Parkhurst wins House District 79, crushes Cloonen
After a somewhat contentious campaign in the 79th House District, Republican Lindsay Parkhurst used skill and perseverance to defeat incumbent state Rep. Kate Cloonen (D-Kankakee) by 8 percent.
In the race — a relatively expensive campaign totaling $4.5 million, according the Chicago Sun-Times — constituents heard claims that Cloonen was ”unqualified and unfit to serve” as Parkhurst asserted her independence from the “Madigan Machine,” a hot topic for the Illinois 2016 elections.
Lobbing barbs such as “Candy Crush Cloonen,” coined after Cloonen was spotted playing a Tetris-style video game on the House floor during the spring 2016 legislative session, and “Ruling Class Kate” for Cloonen’s general campaign slant — as well as sparring over issues such as term limits, tax hikes and map redistricting, Parkhurst emerged victorious yesterday, amassing 54 percent of the vote to Cloonen’s 46 percent.
Early on, Parkhurst described the incumbent as just another cog in the “Madigan Machine,” noting that a vote for “Ruling Class Kate is a roll call vote for Chicago Democrat boss (House Speaker) Mike Madigan (D-Chicago)” and that Cloonen voted in favor of the existing unbalanced budget.
“I will be the independent voice that we deserve and will work to rebuild Illinois,” said Parkhurst, an attorney residing in Kankakee who describes herself as a non-politician unafraid to speak out on the issues when confronted with what she perceived as unwholesome advertising tactics.
When Cloonen’s election team circulated what Parkhurst considered questionable material, for example, she stepped up to the plate and took a swing, alleging that Cloonen was disseminating falsehoods about her.
“Ruling Class Kate is lying about Lindsay Parkhurst's views on Social Security and Medicare, federal programs that have nothing to do with state government in the first place,” Parkhurst's flyer stated. “Aren't you sick of politicians who insult your intelligence? On November 8th, do something about it.”

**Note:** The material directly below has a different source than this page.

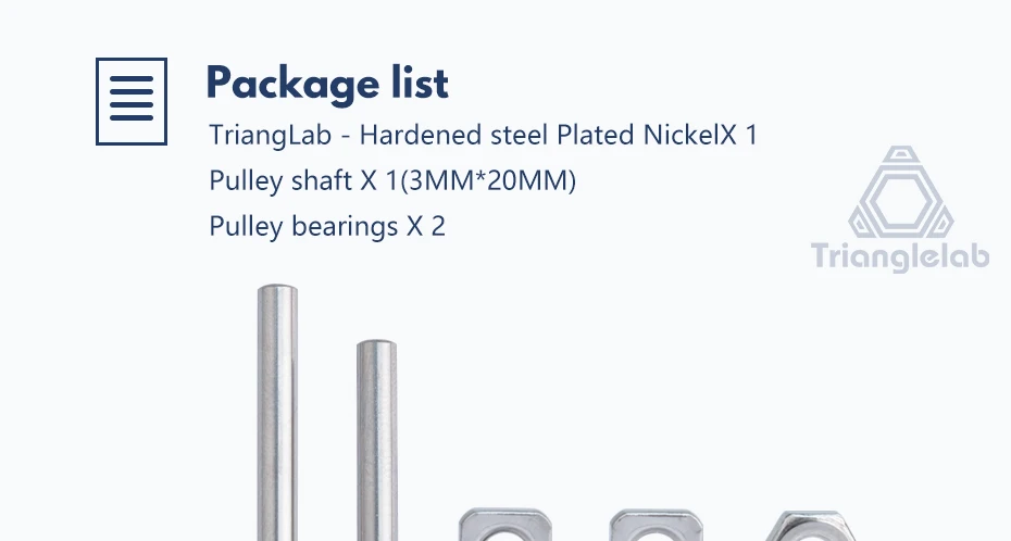1.TriangLab-закаленная сталь никелкс 1* Он более прочный и долговечный. Кусающие зубы очень острые и не легко скользят.2.Вал шкива X 1(3 мм * 20 мм)3.Роликовые подшипники X 2Точность размеров внутреннего отверстия составляет 0,02 мм, что тесно сочетается с валом и обладает высокой концентрациейДемонстрация товара

Calling out deceptive content to undermine her opponent’s claims, Parkhurst was able to appeal to her constituency by underscoring Cloonen’s weak spots. When Cloonen made the mistake of falsely claiming that Parkhurst wanted to eliminate the Social Security and Medicare programs, for example, Parkhurst exposed her — and the voters listened.
Additionally, Politifact — an award-winning fact-checking initiative — rated the claim as "Pants on Fire" on its “Truth-O-Meter” scale.

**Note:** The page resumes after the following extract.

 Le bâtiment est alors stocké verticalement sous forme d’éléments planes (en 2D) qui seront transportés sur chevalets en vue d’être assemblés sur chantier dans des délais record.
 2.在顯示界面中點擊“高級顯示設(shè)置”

Parkhurst proved an outspoken candidate on several levels. When Madigan promised that the House would meet weekly through June to get a budget approved for the state but then called off the sessions, she was quick to respond.
"Illinois hasn’t had a balanced budget for years, social service organizations are being shuttered and schools are at risk of not opening on time," she said.
Parkhurst also brought a strong reputation for supporting her community, advocating for youth and last year earning an award for pro bono attorney services rendered to citizens who could not afford a lawyer.
"I never planned to run for office … but my time of sitting on the sidelines is over,” Parkhurst said. “I’ve seen firsthand how entrenched politicians fail to help taxpayers and Illinoisans in need and continue to waste our hard-earned tax dollars while lining their own pockets."
Parkhurst takes a firm stand on term limits, stating that career politicians must be discouraged so that the state can stabilize its budget, provide education funding, and thrive more comfortably. She has pledged to limit herself to six years in Springfield, setting an example for other lawmakers in the Illinois General Assembly.
Additionally, she focused on a balanced budget, education and job creation. Focusing on the future, the incoming legislator stated via her website that she wants to end “the mass exodus of jobs and businesses” sparked by Illinois’ perilous financial status. She touted losing the red tape, encouraging a business-friendly climate, and growing Illinois’ tax base to regain prosperity.
"Illinoisans deserve a state government that cuts wasteful spending, balances its budget and lives within its means," she said.